The evidence reveals beyond dispute that the petitioner’s husband suffered an injury to his side, undoubtedly causing the hernia in question, in 1931. His wife and other witnesses placed the time as in the month of July. The respondent’s physician, who examined the deceased on February 17, 1932, testified that the deceased said it was in April or May, 1931 that he suffered the injury. This accident in 1931 happened while the petitioner’s husband was working on the extractor. He asked to be relieved from this work and he was given work of a lighter nature thereafter. For this injury he made no claim of any kind for compensation and continued to work regularly whenever the mill ran, up until August 28, 1933. He complained from time to time to his wife, and possibly others, about the pain in his side and he was advised to have the matter attended to, and the respondent’s physician, in February 1932, suggested an operation at that time hut nothing was done about the matter. It seems quite clear from the evidence in the ease that whatever accident there was happened in 1931, not later than the month of July.

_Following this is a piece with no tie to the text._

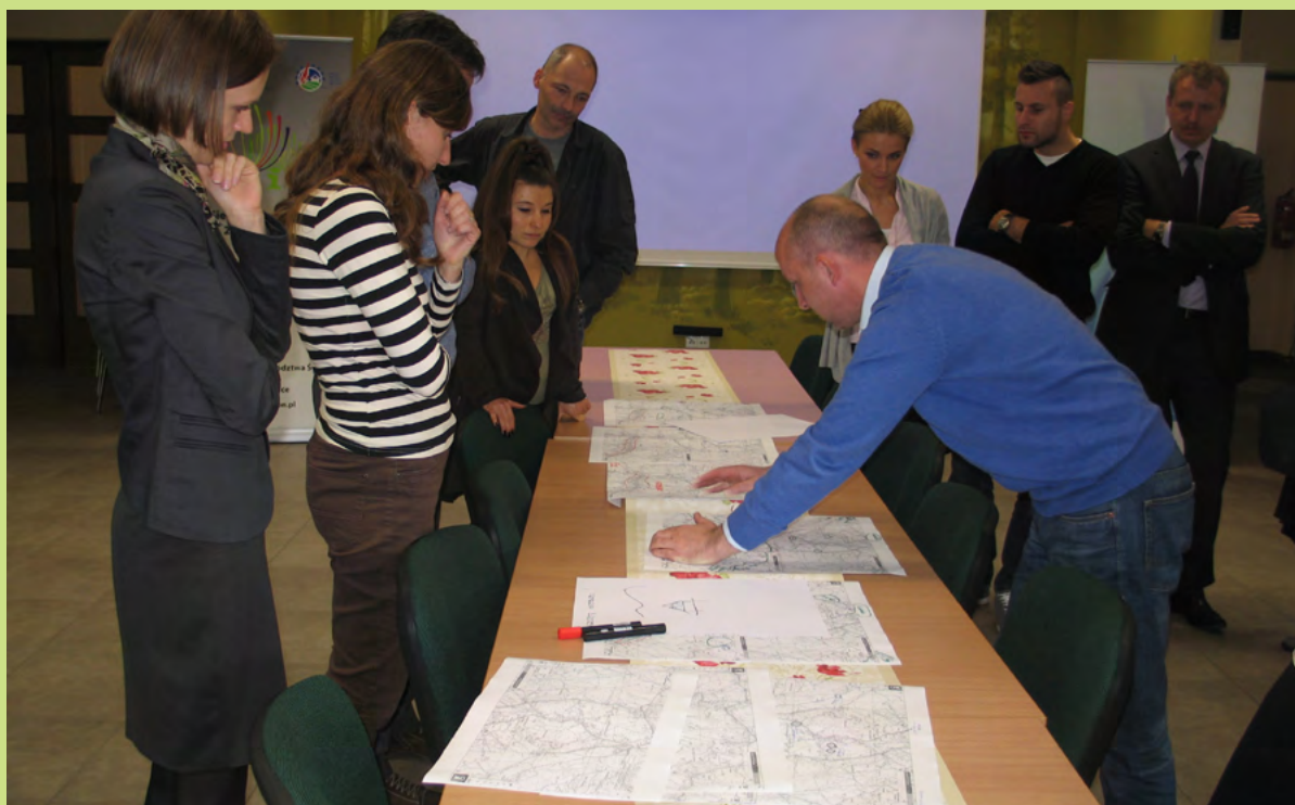
Wizja terenowa w Istebnej

Uczestnikami spotkań byli przedstawiciele gmin wytypowanych do realizacji projektu, jak również przedstawiciele sołectw uczestniczących w projekcie.

This conclusion is further borne out by the testimony of the respondent’s doctor, who said that when he examined the deceased in February 1932, the hernia was not new or fresh and also by the hospital record, which shows that at the time of the operation there were certain adhesions, which would indicate that the hernia had been in existence for some little time and had not occurred just a few days before.

It is obvious that this petition cannot apply to the accident which happened in 1931, first, because that date is not alleged therein, and, secondly, because the present petition is brought too late to refer to that happening.

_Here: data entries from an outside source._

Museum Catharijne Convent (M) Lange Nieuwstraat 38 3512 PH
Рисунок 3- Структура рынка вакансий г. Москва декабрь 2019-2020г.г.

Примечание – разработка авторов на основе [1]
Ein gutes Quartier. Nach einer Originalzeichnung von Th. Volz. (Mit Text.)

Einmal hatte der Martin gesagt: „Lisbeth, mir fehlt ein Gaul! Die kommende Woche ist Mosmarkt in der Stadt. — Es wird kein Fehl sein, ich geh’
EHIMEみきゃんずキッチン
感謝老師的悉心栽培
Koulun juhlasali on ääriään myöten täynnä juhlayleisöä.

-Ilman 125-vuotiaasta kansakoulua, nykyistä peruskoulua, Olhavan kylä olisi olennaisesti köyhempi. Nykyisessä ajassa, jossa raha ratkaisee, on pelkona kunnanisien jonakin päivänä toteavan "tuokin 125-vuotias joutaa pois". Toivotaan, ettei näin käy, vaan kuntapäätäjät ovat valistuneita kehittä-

Dunn vs. United Lace & Braid Mfg. Co., 164 Atl. 329.

The petitioner argues, first, that under the provisions of the Compensation Act in a case such as this, she may bring the petition within one year of the time of the injured man’s death, and because of the claim that the illness in August 1933 was connected by a chain of circumstances with the accident of 1931, she may rely on the original accident followed by the subsequent sickness. The Court is of the opinion that this claim cannot successfully be maintained and that the provisions of the Act cannot be so construed.

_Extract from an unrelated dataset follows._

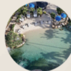
9. LA CORALINA 9. LA CORALINA
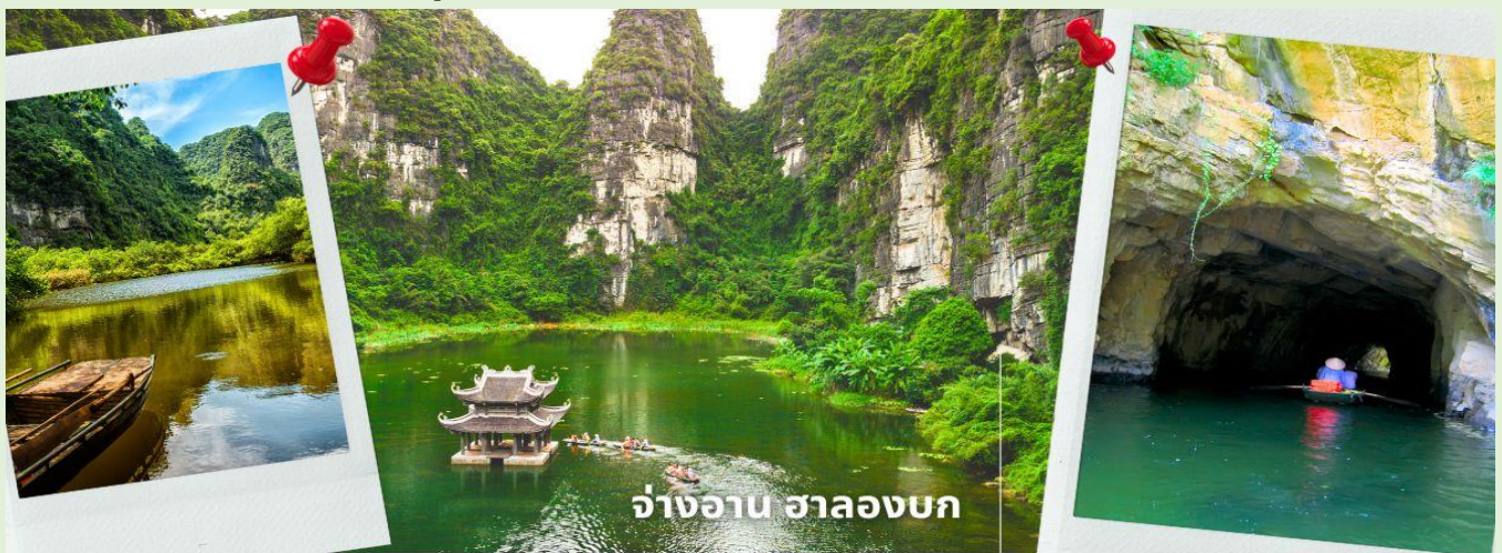
จ่างอาน ฮาลองบก

จากนั้นนำท่านเดินทางสู่ จ่างอาน เป็นพื้นที่ที่มีทั้งภูมิทัศน์อันงดงามของยอดเขาหินปูน แม่น้ำหลายสายไหลลดเลาะ บางส่วนจมอยู่ใต้น้ำ และยังถูกล้อมรอบด้วยผาสูงชัน จึงทำให้สถานที่แห่งหนึ่งงดงามน่าชม การขึ้นชมทัศนียภาพที่สวยงามในจ่างอานนั้น คือการล่องเรือเล็กประมาณลำละ 4-5 คนเพื่อเข้าไปเยี่ยมชมจ่างอาน เรือแจวกก็จะพาเราไปเยี่ยมชมวัด หลังจากนั้นก็จะพาเราไปลอดถ้ำ มีทั้งหมด 49 ถ้ำ ซึ่งแต่ละถ้ำจะมีชื่อแตกต่างกันไปจะใช้เวลาล่องเรือไปกลับร่วมสองชั่วโมงเลย ที่เดียว จ่างอานยังถูกเรียกว่า ฮาลองบก เพราะที่นี่มีเขาหินปูนและถ้ำคล้ายกับที่อ่าวฮาลอง

The petitioner also claims that, while granting the testimony discloses an accident in 1931, there was an aggravation or acceleration in August 1933 of an existing condition, so that it can be considered that there was an accident on said last named date.

For petitioner: Alfred D’Amario.

For respondent: Clifford A. Kingsley.

In the opinion of the Court there is no direct evidence which shows any unusual happening or event which could properly he considered as an aggravation of the old injury. Apparently on August 2S, 1933, the petitioner’s husband was proceeding about his work in the usual and ordinary manner when he was suddenly overcome by a hernia which had then existed for upwards of two years.

Petitioner also contends that this case is somewhat similar to the cases in which an employee, at the time of his employment, is suffering from a certain type of physical weakness which later, by some accident or happening, develops into an injury. In the judgment of the Court, the case at bar is not a case of this type. Petitioner’s husband was apparently perfectly well until he had the accident in 1931. After that he continued to work until August 1933, when his condition became such that he had to go to a hospital.

On all the evidence in -the case, the Court is of the opinion that the only accident was that which occurred in 1931 and that the testimony does not disclose the happening of any accident on August 28, 1933.

The petitioner’s appeal is denied and the petition is dismissed.